→ **EXERCISE REQUIREMENTS**
In the listing that follows, retype every line from the first through the one containing "This means 83%". Pictures are to be left out.

→ **RECORDS TO USE**
▽

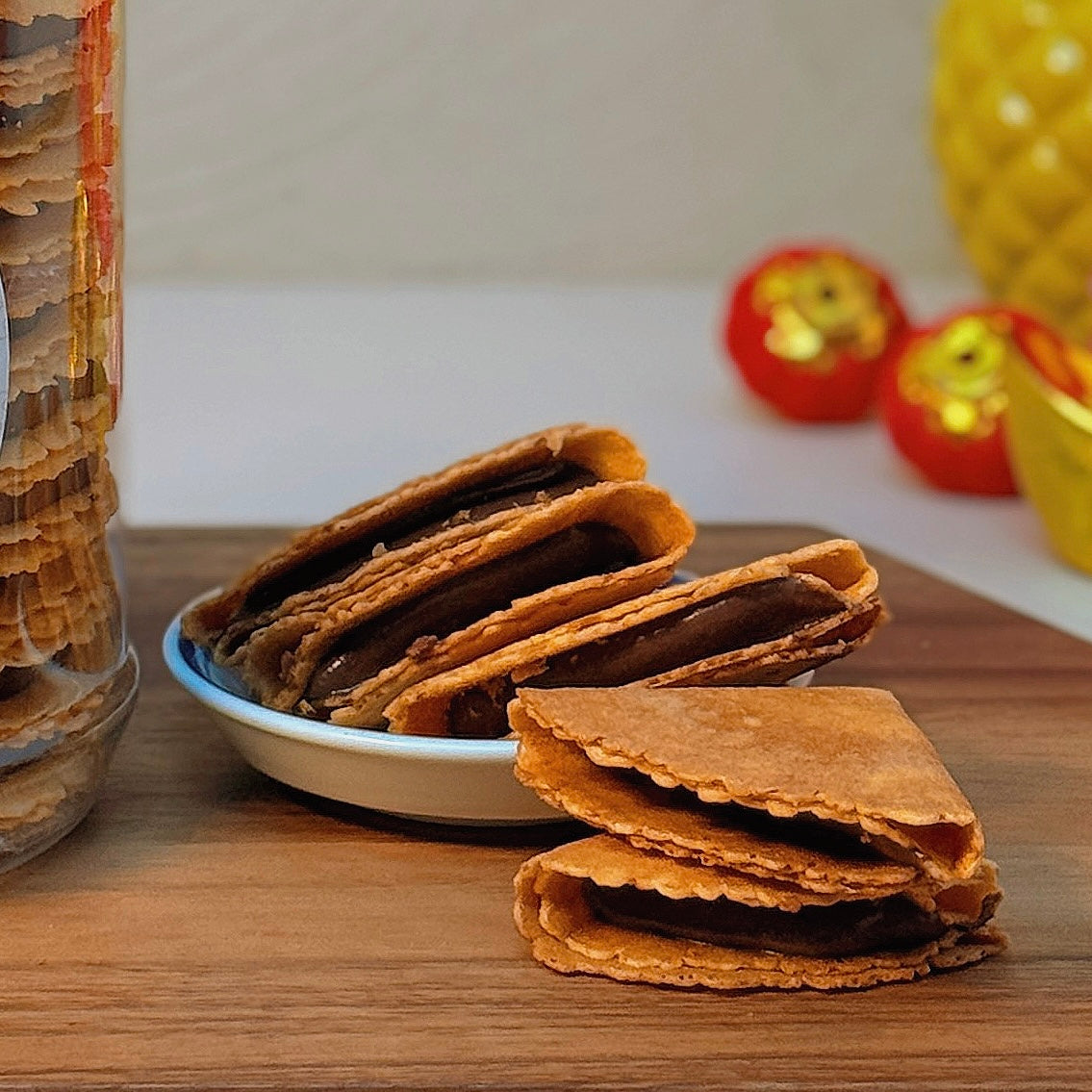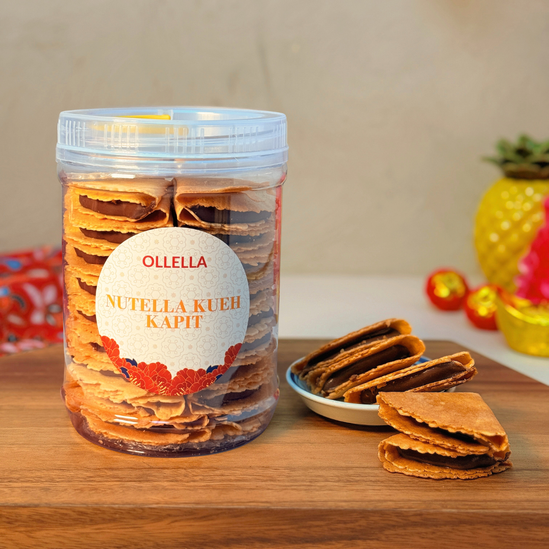 Crispy traditional kueh kapit filled with smooth Nutella spread.
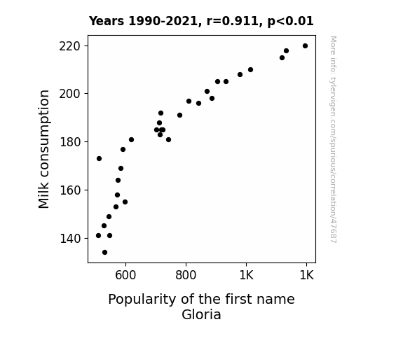 This means 83% of the change in the one variable (i.e., Popularity of the first name Gloria) is predictable based on the change in the other (i.e., Milk consumption) over the 32 years from 1990 through 2021.
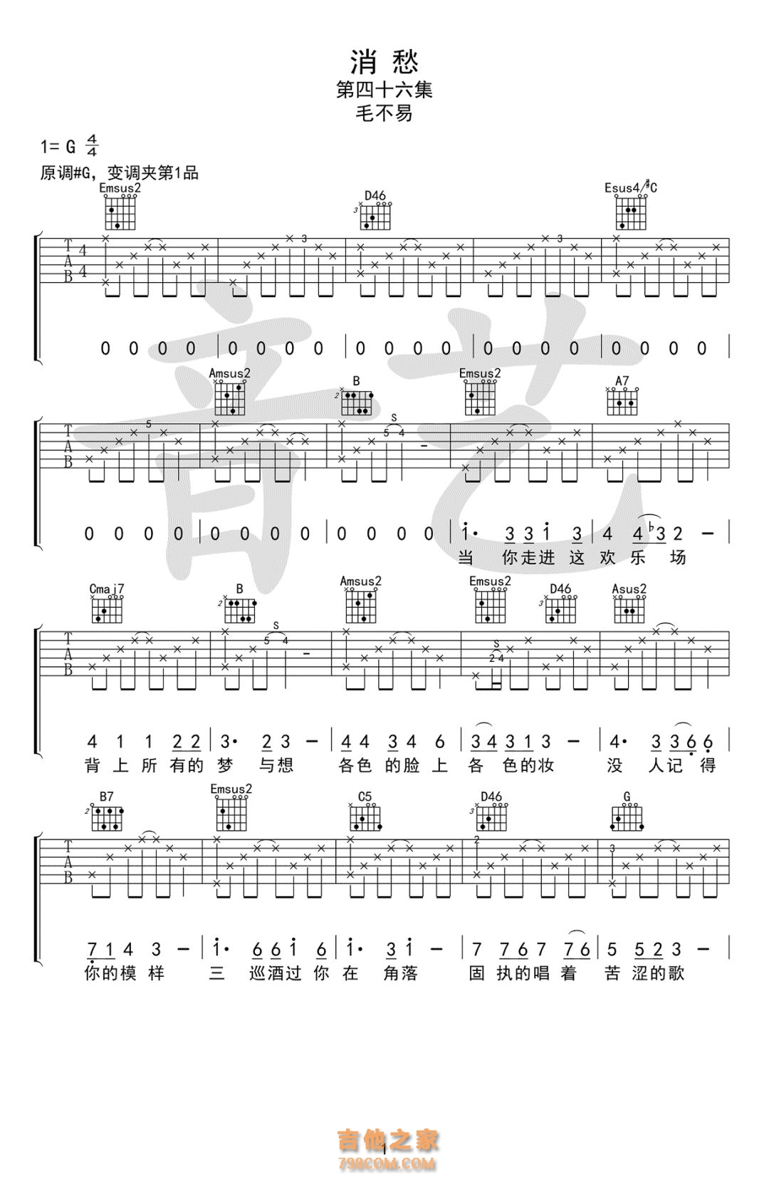 本章为“【吉他谱】李晓东《消愁》 ”信息,了解更多高清无码版本吉他谱、尤克里里、教学视频等信息,请关注吉他之家,我们会持续更新。
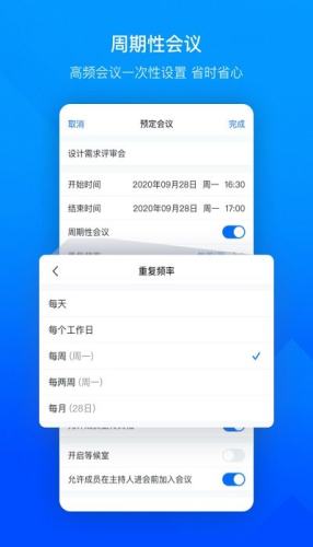 - 界面清爽简洁,一键预约、发起、加入会议;
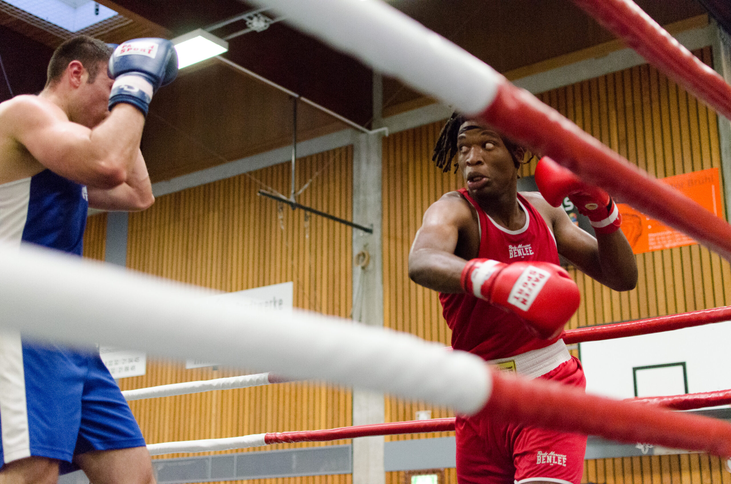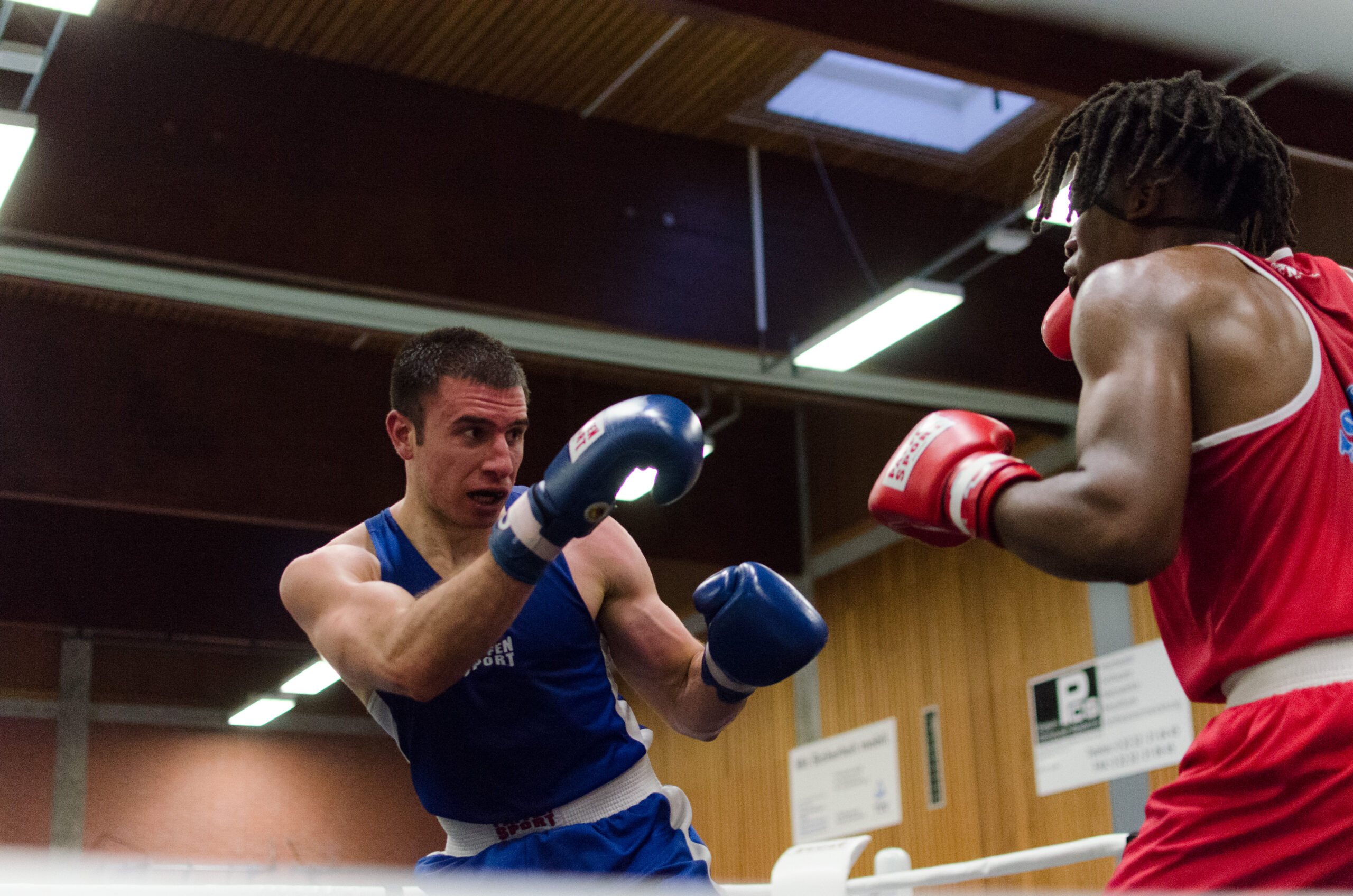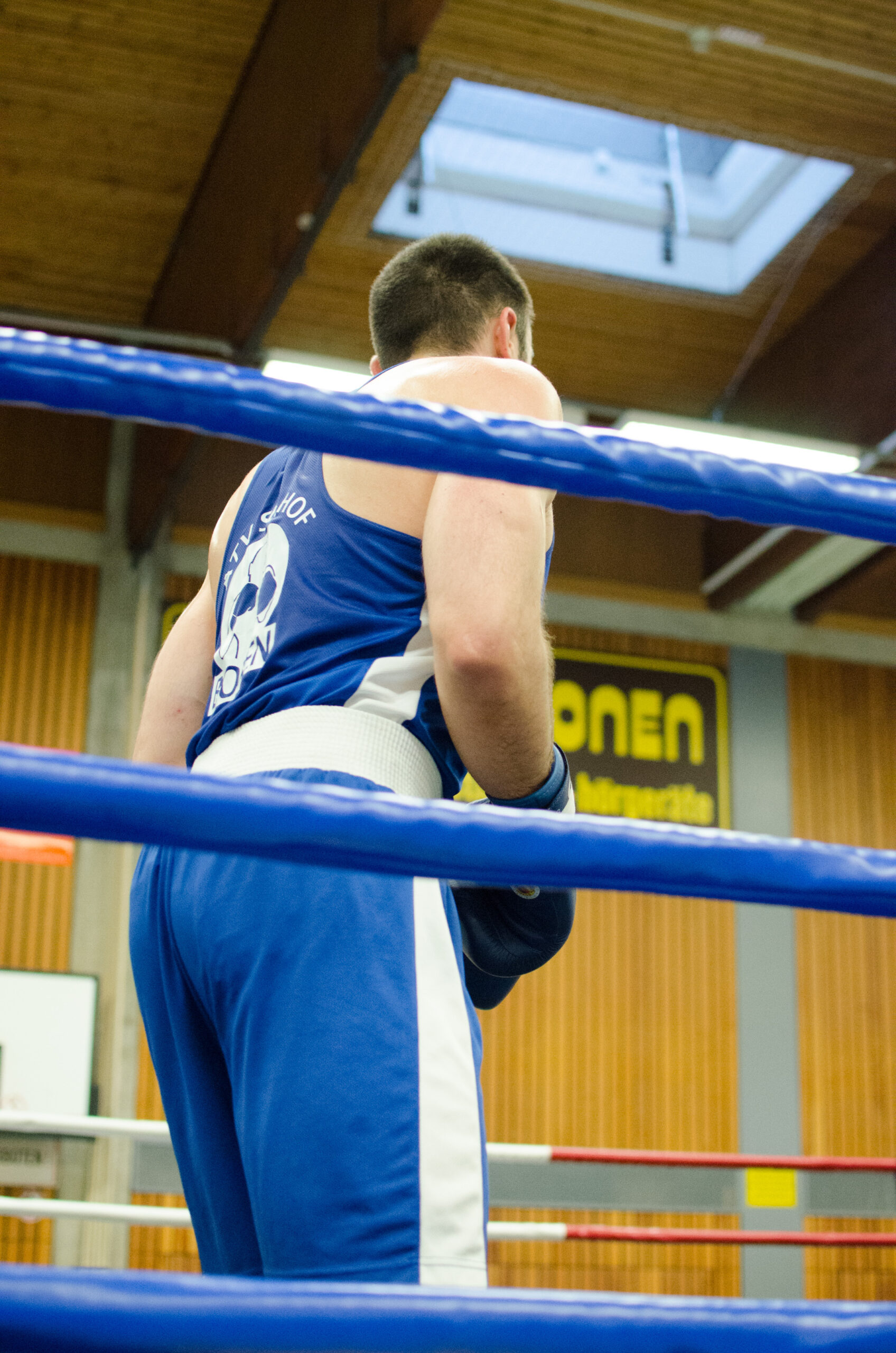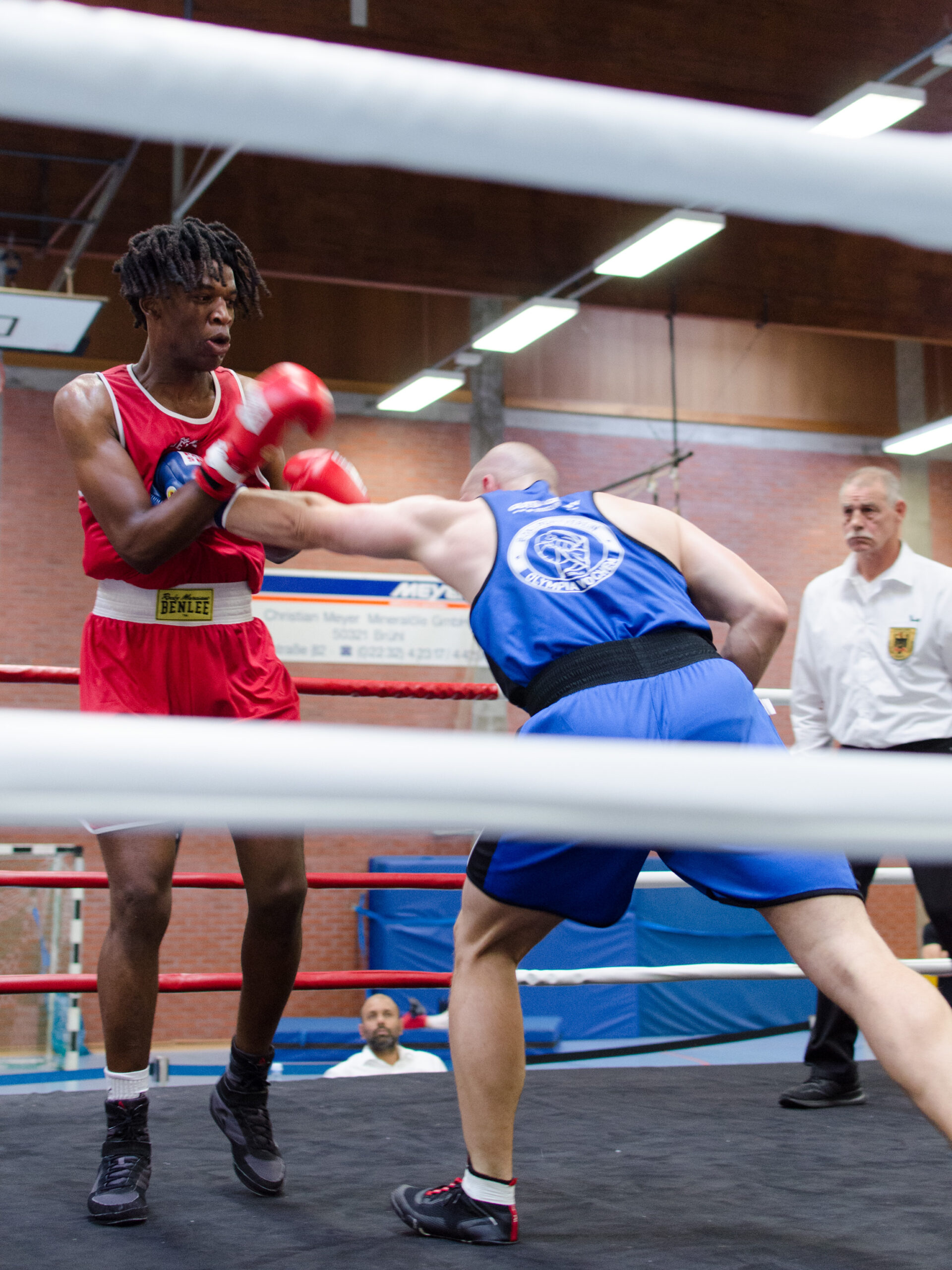 Bei der Finalveranstaltung standen sich dann zwei Kadersportlerinnen des deutschen Boxverbandes gegenüber. Charlotte boxte gegen Joelle Heuer. Diese war einen halben Kopf größer und war schon im Viertel- und Halbfinale durch eine unsaubere Kampfführung aufgefallen. Immer wieder unterband sie das Kampfgeschehen, indem sie sich von oben auf ihre Gegnerinnen lehnte und ihre Arme einklemmte. Das tat sie ebenfalls bei Charlotte. Immer wieder hielt sie ihren Kopf weg, schubste regelrecht und beschwerte sich dann mit Gesten und Blicken beim Unparteiischen im Ring. Auf boxerische Herausforderungen hat man sich Monate und Jahrelang vorbereitet und muss im Ring „nur“ Gelerntes abrufen. Aber an so einem Punkt (wenn permanent unsauber und unsportlich gegen die Regeln agiert wird), zeigen sich die Nerven. Charlotte löste die Situation bestmöglich und versuchte nach ihren Angriffen schnell wieder ausserhalb der Reichweite der Hühnin zu gelangen. Nicht selten schaffte diese jedoch Charlottes Kopf zu schnappen und ihn runter zu drücken oder fest zu halten. Zwei Mal verwarnte der Ringrichter die Boxerin. Im Kampfverlauf traf Charlotte trotzdem immer wieder harte Schlaghände zum Körper der Rechtsauslegerin und schloss ihre Aktionen zum Kopf ab.

△

→ **EXPECTED ANSWER**
 Crispy traditional kueh kapit filled with smooth Nutella spread.
 This means 83% of the change in the one variable (i.e., Popularity of the first name Gloria) is predictable based on the change in the other (i.e., Milk consumption) over the 32 years from 1990 through 2021.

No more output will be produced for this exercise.